Do you ever struggle to access necessary information? Maybe one of your investors needs to know how their investments are performing, but you can’t find the documents you need in order to crunch the numbers for them. Or maybe you need to know the terms of a lease on the spot, but the lease is sitting in your desk drawer in your office on the other side of town. Whether it’s a misplaced file folder, a disappearing document or excessive reliance on a team member to remember certain information, we’ve all been there:

With today’s technology, it’s easier than ever to keep all your crucial information centralized in one place. You can organize and access your portfolio data, tenant information, budgets and lease terms all in one place. With cloud-based technologies, you can even access documents and information from any device.

Having your information easily accessible can save time, which is important when tenants and stakeholders are waiting on you. It also helps with collaboration, because everyone on your team can access information when they need it without having to rely on others.

To get started using cloud-based software, you simply have to find one that meets your needs and import your data. Set it up so that you can reach it from your various devices (e.g., your work computer for when you’re in the office and your phone for when you’re out and about).

2. You can keep communication organized

Have you ever been in this scenario? Someone from your team speaks with a tenant — let’s say the tenant is discussing whether or not they intend to renew their lease in the coming months. Your team member goes on vacation the next week, and you’re wondering whether the tenant is happy in their current lease or not, but you can’t easily find out without repeating the conversation with the tenant.

Now, there are easy-to-use programs that can help you manage tenant relationships in a variety of ways. Your team can quickly and easily record conversations with tenants in a centralized tenant management platform. When combined with friendly and caring management, these types of tools can help your business build better relationships and increase renewal rates and tenant retention.

There are many options for tenant management software, and a simple online search should give you a great place to start. If you have a lot of tenants, this can be a game-changer.

3. You can get automated alerts when something requires your attention

When you’re managing several commercial real estate properties, it’s easy to miss things. Whether it’s a missed rent escalation payment or an imbalance in your real estate portfolio, you need to stay on top of all the small and large issues that require your attention — no matter how many properties you manage.

With today’s technology, you can receive timely, helpful alerts and reminders. With systems like this, you’ll never have to wonder when lease escalations are due or loans are coming up for renewal. This technology allows you to stay in control of your fast-moving business without stressing about the tasks you may have forgotten.

When researching real estate analytics tools, make sure you settle on a solution that provides automated alerts and reminders.

4. You can easily collect and view data to make future predictions 

In the past, many landlords had their important information stored either on paper or in disconnected files, making it hard to look at all their data as a whole. And even today, with QuickBooks and other accounting software, most landlords lack the specific algorithms and tools that they need to glean valuable data that would help them make predictions and plans for the future of their CRE business.

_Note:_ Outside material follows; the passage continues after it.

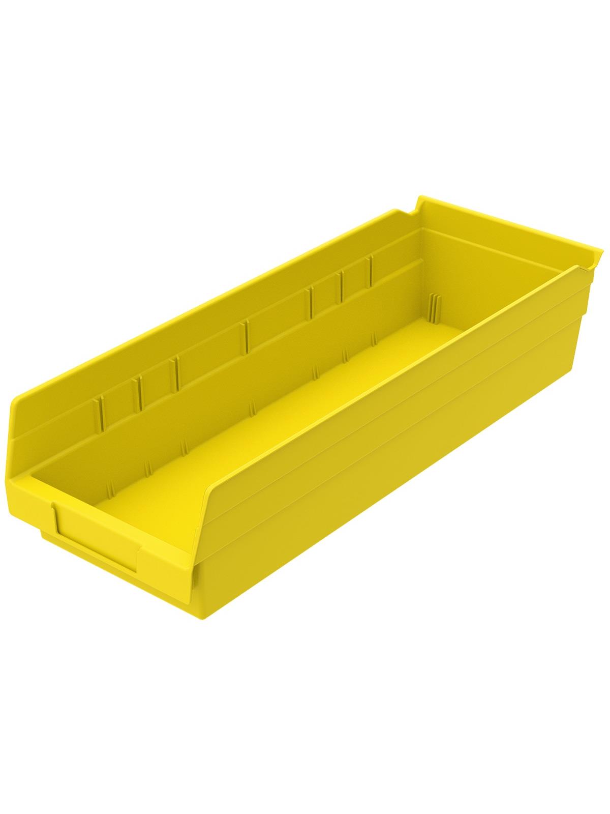 Outlasts corrugated bins - pays for themselves in reduced replacement costs. One-piece construction is waterproof and unaffected by grease or oil. Works with 12", 18" and 24" deep shelving, or vertical storage and retrieval units. Labels available. Available in 22 sizes and five colors - Red, Yellow, Blue, Green, or Semi-Clear. FOB Shipping Point.

Along with keeping your data in a cloud-based centralized location, you should look for CRE analytics software that will let you look at all your data as a whole. When doing your research, we suggest that you schedule a demo (if possible) to see just how your data can be visualized. Is the data organized in a helpful, informative way? If so, that may be the tool you need to better your business. – Read more

As organizations look for ways to drive flexibility, agility, and innovation, they can expect to see these three trends in the coming year.

The advancement in technologies such as the Internet of Things (IoT), wearable technologies, self-driving vehicles, and mobile technologies, supported by 5G connectivity, has led to the generation of large volumes of data. That data has grown unwieldy across systems, transcending data centers, cloud, and, more recently, to the edge.

In 2020, businesses will increasingly demand capabilities that enable them to achieve digital transformation through secured storage, faster integration, and better data discovery process. The adoption of AI-driven analytics supported by cognitive computing capabilities such as machine learning (ML) has expedited business insight delivery from low-latency to real-time analytics, resulting in faster time-to-market.

Companies looking to leverage these up-to-the-minute actionable insights in 2020 have to adapt newer trends such as data fabric/mesh, digital twins, and multicloud strategy to stay ahead of the competition. As organizations continue to look for ways to drive flexibility, agility, and innovation, they can expect to see these three trends in the coming year:

2020 Trend #1: Data fabric goes dynamic to become data mesh

Data fabric allows unimpeded access and sharing of data across distributed computing systems by means of a single, secured, and controlled data management framework. Many large companies run multiple applications for their business requirements, resulting in the collection of large volumes of structured, semistructured, and unstructured data. This data is siloed across diverse data sources such as transactional databases, data warehouses, data lakes, and cloud storage.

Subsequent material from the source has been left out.